People planning

For the people in your organization, you can plan how to import identity records that create IBM Verify Identity Governance users and how to provide their passwords.

The following table includes examples of initial conditions and first implementation steps that administrators might take.

Table 1. Summary of potential user planning issues
Topic Initial condition and questions Example implementation steps
Identities 1 administrator account named itim manager exists with an initial password of secret.
  • Which identity records require IBM Verify Identity Governance user IDs?
  • Does your early implementation need to define more administrators?
At a minimum, create 1 identity to test each group that IBM Verify Identity Governance provides. Additionally, create another administrative user ID to guard against accidental loss of access.
Import identity records A global identity policy exists.
  • Which data format does your organization plan to use to import identity records?
  • Are the attributes that the global identity policy specifies appropriate for your use?
Determine which identity feed to use and ensure that the appropriate attributes are specified in an identity policy.

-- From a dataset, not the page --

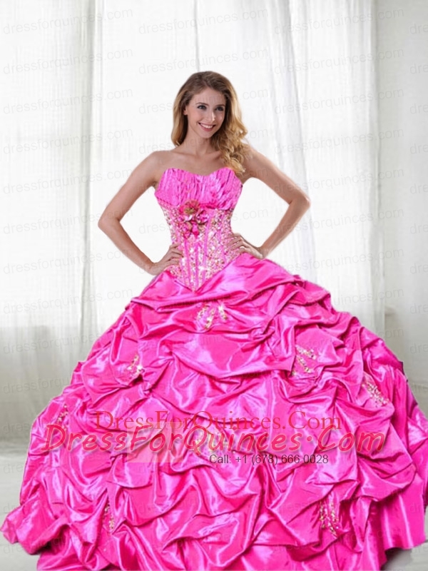 Best Seller Hot Pink Appliques and Pick Ups Quincenera Dress

For most organizations, manually loading user data is not a practical method to define many users.

Policies (password, identity) Password policy or forgotten password specifications do not exist. Password synchronization is on.

The default identity policy is based on the uid attribute of the user. If the uid attribute has a null value, the identity policy concatenates the initial of the given name of a person with the surname of a person.

What are the requirements of your organization for a password policy, challenge-response authentication, and identity policy?

Determine the password policy of your organization. Also, determine challenge-response authentication, and identity policy and then specify these policies.